India tour of England: Ian Bell, Jos Buttler join Gary Ballance party

England pile on the misery, declare on 569/7; Dhoni tries unusual tactics with little to show for it.

By: Press Trust of India Written by Sandeep Dwivedi | Southampton | Updated: July 29, 2014 1:31:30 am
 Bell hit 19 fours and three sixes in his innings of 167, his first century since August last year. (Source: AP) Bell hit 19 fours and three sixes in his innings of 167, his first century since August last year. (Source: AP)

If Lord’s resembles a museum, Rose Bowl looks more like a mall. Billboards and brands peep from each corner of this Test venue that has a food court and play zones. This child-friendly sporting venue has a giant wrought iron cage where children stroke sponge balls with their plastic bats as their parents watch the game peacefully. These games played by pre-teen cricketers have lusty hits, dropped catches, fielders casually strewn around and bowlers rolling their arm in no particular order.

On Day Two, during the English innings, the game on the central square didn’t seem very different from the kiddy Test going on beyond the boundary line. Indian captain MS Dhoni added some freaky bowling changes to his usual fancy field placements as England batsmen benefitted from lapses by tired Indian fielders.

Ian Bell (167), Gary Ballance (156) and Jos Butler (85) didn’t waste the opportunity to score the easiest Test runs of their career in very quick time to help England declare at 567/7 and give India the unenvious task of batting for 14 overs in murky conditions after two draining days on the field.

Opener Shikhar Dhawan didn’t survive. The strain of being in the slips, crouched for close to 163.4 overs waiting for the edge, and even dropping one, reflected in him nicking a James Anderson ‘round the wicket’ ball. Ironically, unlike him, Alastair Cook didn’t floor the ball. India, at close, were 25/1, Cheteshwar Pujara and Murali Vijay weathering the storm kicked up by a very charged Anderson.
one sided action

The intense action of the final hour was refreshingly different from the one-sided contest that was witnessed all through the day. It was a bizarre day on the field when India’s all three pacers went for 100 plus runs, while left-arm spinner Ravidra Jadeja was the most expensive at 153. The least bowled bowler, Rohit Sharma, was the most economical. Behind the stumps, Monday proved to be a non-working day. Dhoni missed a stumping while Dhawan and Ajinkya Rahane joined Jadeja in the butter-fingers club.

Amid this chaos, Dhoni came up with some confusion of his own.
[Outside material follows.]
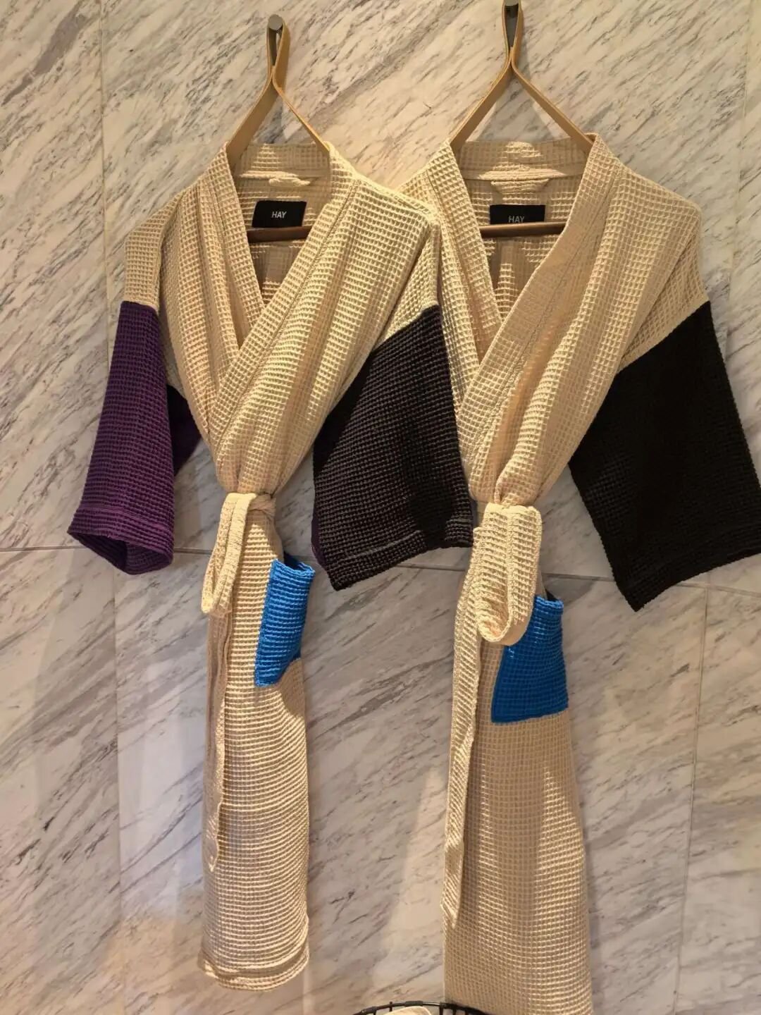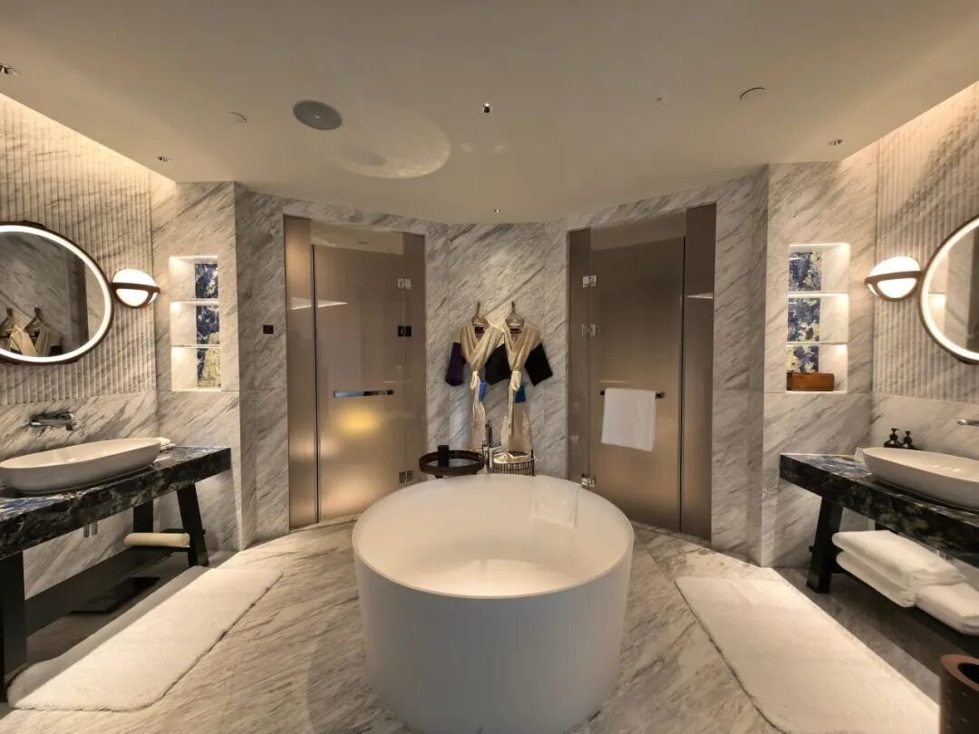 客房内部标配以实用与质感兼具为导向。浴室区域多采用整块天然大理石台面、圆形独立浴缸,并统一配备来自丹麦的HAY品牌浴袍及法国香氛品牌 MAISON 21G 的定制备品。香型以“海洋香草根”为灵感,契合海滨气候的清新与层次。

In the past, Dhoni has been blamed for having a ‘Test freeze’ when things are not working for him on the field. After the Lord’s win, Dhoni seems to be buzzing with unconventional ideas during an impasse. The jury is still out which of the two was better, since the result haven’t been different.

After standing five yards behind the stumps to left-arm spinner Jadeja, he once again forced the thinkers of the game to get into another huddle. Dhoni, the captain, gave the world a new way to shuffle the bowlers. He juggled with his three pacers by giving them one-over spells and two overs break. This would mean that batsmen would face the same bowler from a different end in a space of four overs. This was followed by a slight variation of his original idea.

Here, he would constantly change his pacers while bowling Jadeja from one end. While the experts around the ground shook their heads in disbelief, Bhuvneshwar Kumar, during his merry-go-round, took two of wickets – Joe Root and Moeen Ali – in the process giving Dhoni a couple of comeback lines in the ‘art of eccentric captaincy’ debates.

Long drought

While all this was on, Bell got the opportunity to score his first ton since August last year. Adding 142 with Ballance, he exploited the dead track and the tired Indian unit. The wicketless first session set the tone of the day. Bell dealt two vital blows as he attacked Dhoni’s two most reliable bowlers – Kumar and Jadeja. He drove Kumar and lofted Jadeja. Before tea, Bell hit a couple of sixes and fours in the spinner’s over and England had their foot firmly pressed on the pedal.

Debutant Butler couldn’t have asked for an easier start to his Test career. By the time he walked to the field, the Indians had given up. He would hit nine fours and three sixes in his 83-ball 85. Dhoni, who had dumped his fancy ideas long back, now seemed to be waiting for Cook to make the next move. Actually, every eye in the stadium was on the England dressing room balcony, where Cook sat. After

Butler’s dismissal, the declaration came.

After the ‘cage cricket’ like Test, the final hour brought to mind the other ‘play area’ prop – the rock climbing wall. Pujara and Vijay playing, missing, edging looked like kids tied with ropes and powdered hands, trying hard to balance on the foot holds.